1.4 Geometric Sequence (G.S.)

1. The Definition

If the first term of a sequence is $u_1 = 5$, and it is multiplied by a fixed number, say $r=2$, to find the next term, the following sequence is generated: $5, 10, 20, 40, 80, \dots$. Such a sequence is called geometric. In a geometric sequence, the ratio between any two consecutive terms is constant.

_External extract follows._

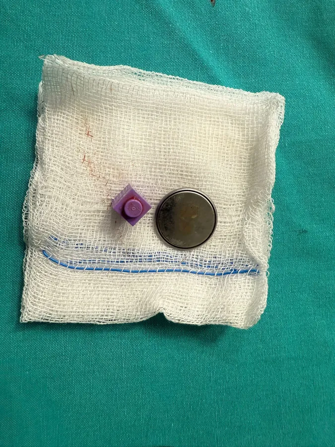 Kayseri'de 15 aylık A.Y.Ç.'nin yemek borusuna, evde oyun oynadığı sırada düğme pil ve lego oyuncak parçası kaçtı. O sırada yanında olan 4 yaşındaki kardeşi, 'Kardeşim lego yuttu' diyerek annesini çağırdı. A.Y.Ç.’nin ağızına bakan anne Tuğba Yılmaz, parçayı göremeyince dışkısından çıkacağını düşündü. Bir süre sonra A.Y.Ç.'nin yutma güçlüğü çektiğini gören Tuğba Yılmaz, Kayseri Şehir Hastanesi'ne başvurdu. A.Y.Ç.'ye yapılan röntgende, yemek borusunda düğme pil ve lego parçası oyuncağa rastlandı. Kız bebek A.Y.Ç., Kayseri Şehir Hastanesi Çocuk Cerrahisi ve Ürolojisi Anabilim Dalı Başkanı Doç. Dr. Mustafa Erman Dörterler ve ekibi tarafından ameliyata alındı. Yaklaşık 3 saatlik süren operasyonun ardından A.Y.Ç.'nin yemek borusuna kaçan düğme pil ile lego oyuncak parçası çıkarıldı.

Only two elements are needed: The first term $u_1$, and the common ratio $r$.

EXAMPLE 1

  • (a) If $u_1 = 1, r=2$, the sequence is $$1, 2, 4, 8, 16, 32, 64, \dots$$
  • (b) If $u_1 = 5, r=10$, the sequence is $$5, 50, 500, 5000, \dots$$
  • (c) If $u_1 = 1, r=-2$, the sequence is $$1, -2, 4, -8, 16, \dots$$
  • (d) If $u_1 = 1, r=\dfrac{1}{2}$, the sequence is $$1, \dfrac{1}{2}, \dfrac{1}{4}, \dfrac{1}{8}, \dfrac{1}{16}, \dfrac{1}{32}, \dots$$
  • (e) If $u_1 = 1, r=-\dfrac{1}{2}$, the sequence is $$1, -\dfrac{1}{2}, \dfrac{1}{4}, -\dfrac{1}{8}, \dfrac{1}{16}, -\dfrac{1}{32}, \dots$$

NOTICE:

  • The common ratio $r$ may also be negative. In this case the signs alternate $(+, -, +, -, \dots)$.
  • The common ratio $r$ may be between -1 and 1, that is $|r| < 1$. In such a sequence the terms approach 0.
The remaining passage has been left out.